[ASSIGNMENT]
Exact copies of all the lines below are required, with the pictures omitted.

[DATA EXCERPTS]
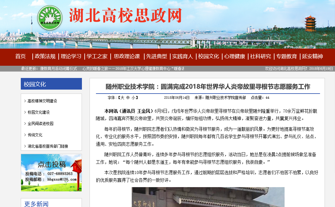 上一条:湖北教育新闻网:随州职院发布《服务随州贡献度报告(2002-2017)》
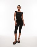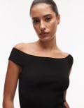 ARKET structured knit off shoulder top with sweetheart neckline in black
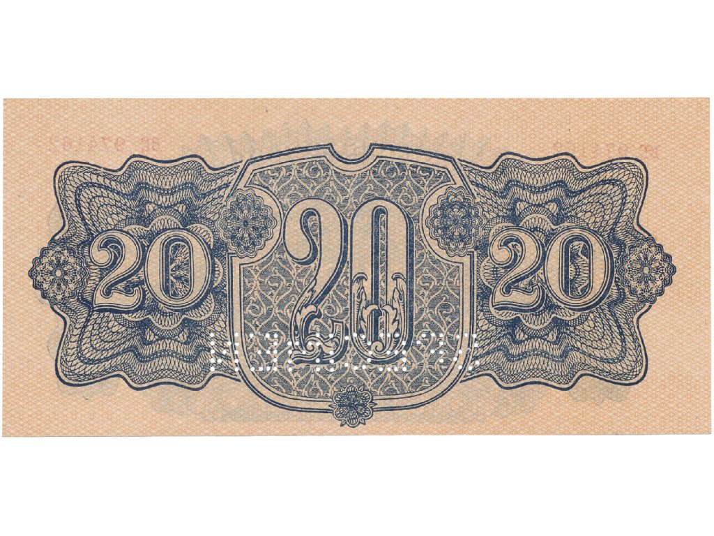 Československo, 20 Koruna 1944, číslovač 19 mm, perf. 1x SPECIMEN dole, Hej.58a.S2
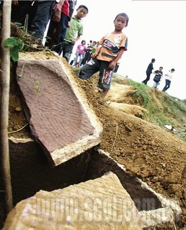 發(fā)現(xiàn)古墓的工人易德忠不停地拿著相機(jī)轉(zhuǎn)悠,見(jiàn)到記者他遺憾的說(shuō),“為了保護(hù)墓室,我們已按要求回填了泥土,恐怕在發(fā)掘完成前,你都見(jiàn)不到有著大柱子、梯步的墓室和精美的墓門(mén)板咯!惫拍谷含F(xiàn)場(chǎng),記者只見(jiàn)到了未被封嚴(yán)的墳?zāi)苟纯,其上已?jīng)放置了大石板。墓里淌滿了水,但沒(méi)有異味。
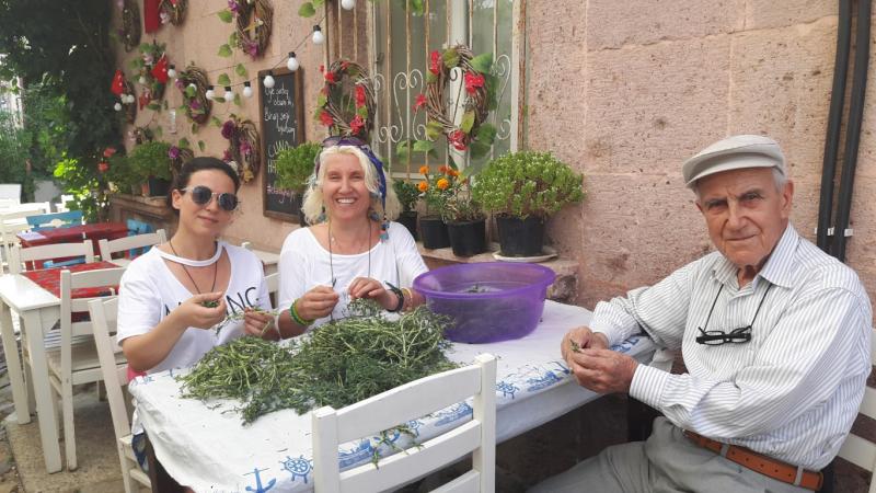 Sokaklarda gezerken birbirleriyle Rumca sohbet eden yaşlı amca ve teyzeleri sokak kapılarının önünde görmek ve duymak her an mümkün. Satılık tarihi bir eve girdim. Kapıdan içeri girer girmez eski Rum evinin güzel sesleri ve kokuları karşılıyor sizi. Rum evleri, kapı tokmaklarından, iç mimarilerine kadar enteresan. Salonda sarnıç görmeniz mümkün. Geri dönerken yine dar sokaklardan geçtim. Girit’ten gelen teyzeler kapı önlerinde oturmuş akşam sohbetindeler. 1879 yılında yapılmış bir evin önünde tarihi kokladım. Dar sokaklarda yürürken ise kırmızı yanaklı teyzelerin masum yüzlerindeki gülümsemeyle karşılaştım, sohbet ettik. Ahmet Amca, Güldane ve Megara Teyze ile güneşi birlikte uğurladık. Aralarında dayanışma var. İnsanlar arkadaş canlısı, hoşgörü oluşmuş yüreklerinde.

[RESULT]
 上一条:湖北教育新闻网:随州职院发布《服务随州贡献度报告(2002-2017)》
 ARKET structured knit off shoulder top with sweetheart neckline in black
 Československo, 20 Koruna 1944, číslovač 19 mm, perf. 1x SPECIMEN dole, Hej.58a.S2
 發(fā)現(xiàn)古墓的工人易德忠不停地拿著相機(jī)轉(zhuǎn)悠,見(jiàn)到記者他遺憾的說(shuō),“為了保護(hù)墓室,我們已按要求回填了泥土,恐怕在發(fā)掘完成前,你都見(jiàn)不到有著大柱子、梯步的墓室和精美的墓門(mén)板咯!惫拍谷含F(xiàn)場(chǎng),記者只見(jiàn)到了未被封嚴(yán)的墳?zāi)苟纯,其上已?jīng)放置了大石板。墓里淌滿了水,但沒(méi)有異味。
 Sokaklarda gezerken birbirleriyle Rumca sohbet eden yaşlı amca ve teyzeleri sokak kapılarının önünde görmek ve duymak her an mümkün. Satılık tarihi bir eve girdim. Kapıdan içeri girer girmez eski Rum evinin güzel sesleri ve kokuları karşılıyor sizi. Rum evleri, kapı tokmaklarından, iç mimarilerine kadar enteresan. Salonda sarnıç görmeniz mümkün. Geri dönerken yine dar sokaklardan geçtim. Girit’ten gelen teyzeler kapı önlerinde oturmuş akşam sohbetindeler. 1879 yılında yapılmış bir evin önünde tarihi kokladım. Dar sokaklarda yürürken ise kırmızı yanaklı teyzelerin masum yüzlerindeki gülümsemeyle karşılaştım, sohbet ettik. Ahmet Amca, Güldane ve Megara Teyze ile güneşi birlikte uğurladık. Aralarında dayanışma var. İnsanlar arkadaş canlısı, hoşgörü oluşmuş yüreklerinde.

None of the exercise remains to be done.